#### Your objective:
Begin at the line below that holds "最后,这类户型还有个缺点,就" and end at the line that holds "El gusano come", transcribing each line exactly and skipping any picture.

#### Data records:

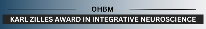 The Karl Zilles Award recognizes a PhD student or a postdoctoral fellow for their work in integrating modern neuroanatomical approaches with multi-modal in-vivo neuroimaging. The recipient will receive a cash award of $2,500 USD along with an engraved plaque.
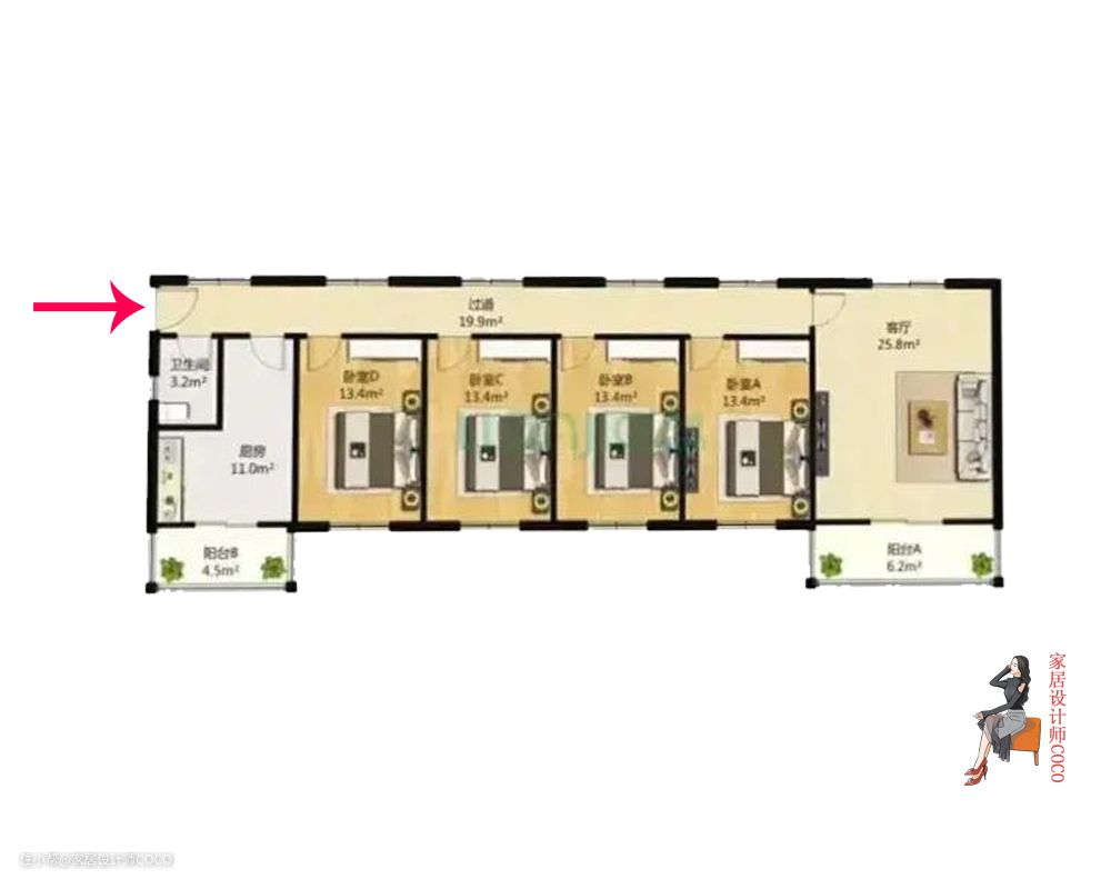 最后,这类户型还有个缺点,就是入户直冲一个卧室,稍微不注意的房子就会造成门冲门的格局,这是很多人比较忌讳的,当然,这个门的位置基本可以改动。
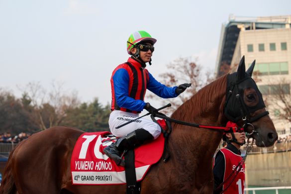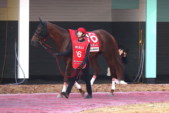 11月30日(日)、韓国・ソウル競馬場で行われたグランプリ(左・2,300m)に参戦したユメノホノオ(牡5・高知・田中守厩舎)は、道中は好位につけて直線に向くと、そこから脚を伸ばすも、前を捕らえるまでには至らず4着(16頭立)という結果となりました(優勝馬:CLEAN ONE)。同馬にとっては春のYTN杯(3着)に続き2度目の韓国遠征。今回も残念ながら優勝には届かなかったものの、再び韓国のトップホースと互角のレースぶりを見せてくれました。
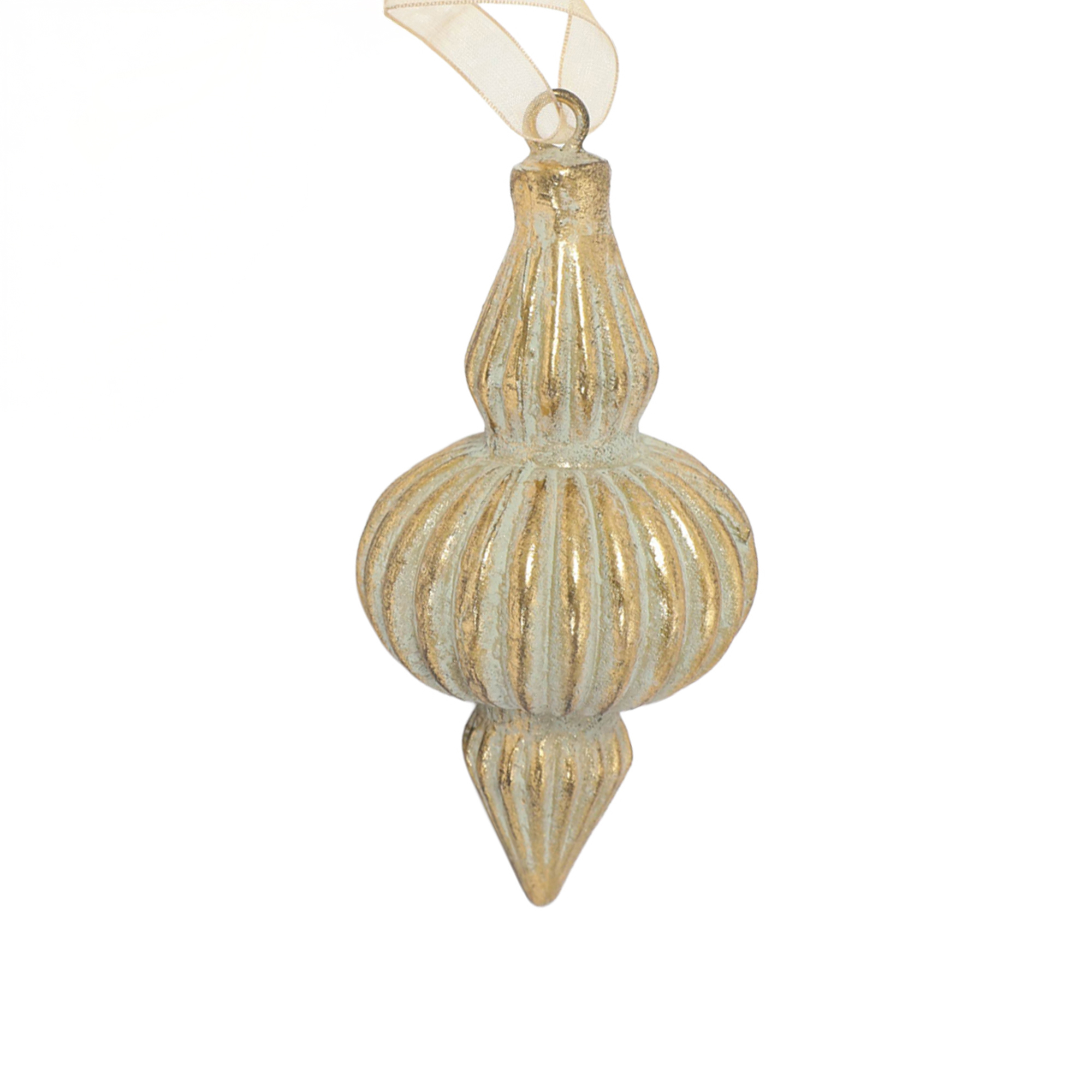 This exquisite ornament captures the timeless charm of holiday tradition with its delicate frosted finish and gentle golden accents. The beautifully ribbed design evokes the nostalgic feel of classic Christmas gatherings, making it a cherished addition to any tree, enhancing the seasonal ambiance with its soft glow.
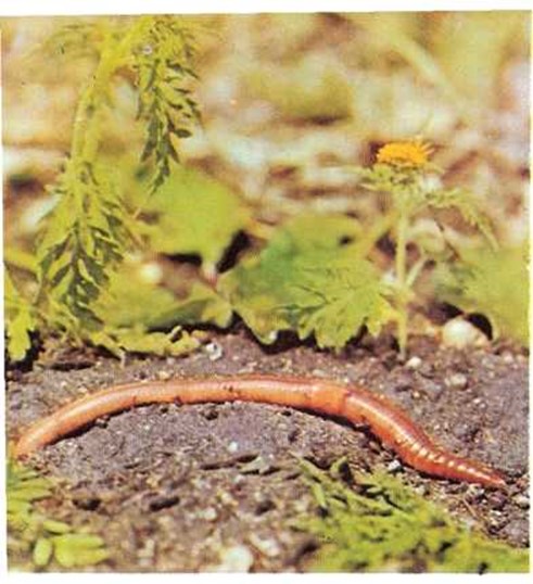 El gusano come mientras se arrastra por la tierra. Se alimenta con restos de plantas podridas.
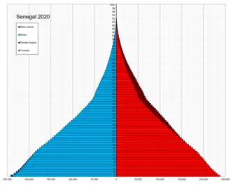 Senegal hatte 2023 17,8 Millionen Einwohner.[13] Das jährliche Bevölkerungswachstum betrug + 2,5 %. Zum Bevölkerungswachstum trug ein Geburtenüberschuss (Geburtenziffer: 32,1 pro 1000 Einwohner[14] vs. Sterbeziffer: 5,5 pro 1000 Einwohner[15]) bei. Die Anzahl der Geburten pro Frau lag 2022 statistisch bei 4,3, die der Region West- und Zentral-Afrika betrug 4,9.[16] Die Lebenserwartung der Einwohner des Senegal ab der Geburt lag 2022 bei 67,9 Jahren[17]. Der Median des Alters der Bevölkerung lag im Jahr 2021 bei 17,8 Jahren.[18] Im Jahr 2023 waren 41,1 Prozent der Bevölkerung unter 15 Jahre,[19] während der Anteil der über 64-Jährigen 3,1 Prozent der Bevölkerung betrug.[20]
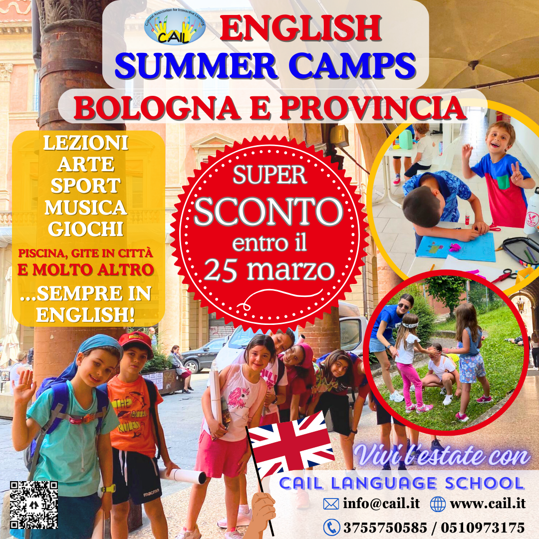 Per tutto l’Anno 2024 c’è uno SPECIAL DEAL per i Tesserati CAIL: tre appuntamenti GRATIS di ENGLISH FULL IMMERSION a Bologna per tutte le età con la Tessera da €15 valida fino a dicembre!

#### Problem solution:
 最后,这类户型还有个缺点,就是入户直冲一个卧室,稍微不注意的房子就会造成门冲门的格局,这是很多人比较忌讳的,当然,这个门的位置基本可以改动。
 11月30日(日)、韓国・ソウル競馬場で行われたグランプリ(左・2,300m)に参戦したユメノホノオ(牡5・高知・田中守厩舎)は、道中は好位につけて直線に向くと、そこから脚を伸ばすも、前を捕らえるまでには至らず4着(16頭立)という結果となりました(優勝馬:CLEAN ONE)。同馬にとっては春のYTN杯(3着)に続き2度目の韓国遠征。今回も残念ながら優勝には届かなかったものの、再び韓国のトップホースと互角のレースぶりを見せてくれました。
 This exquisite ornament captures the timeless charm of holiday tradition with its delicate frosted finish and gentle golden accents. The beautifully ribbed design evokes the nostalgic feel of classic Christmas gatherings, making it a cherished addition to any tree, enhancing the seasonal ambiance with its soft glow.
 El gusano come mientras se arrastra por la tierra. Se alimenta con restos de plantas podridas.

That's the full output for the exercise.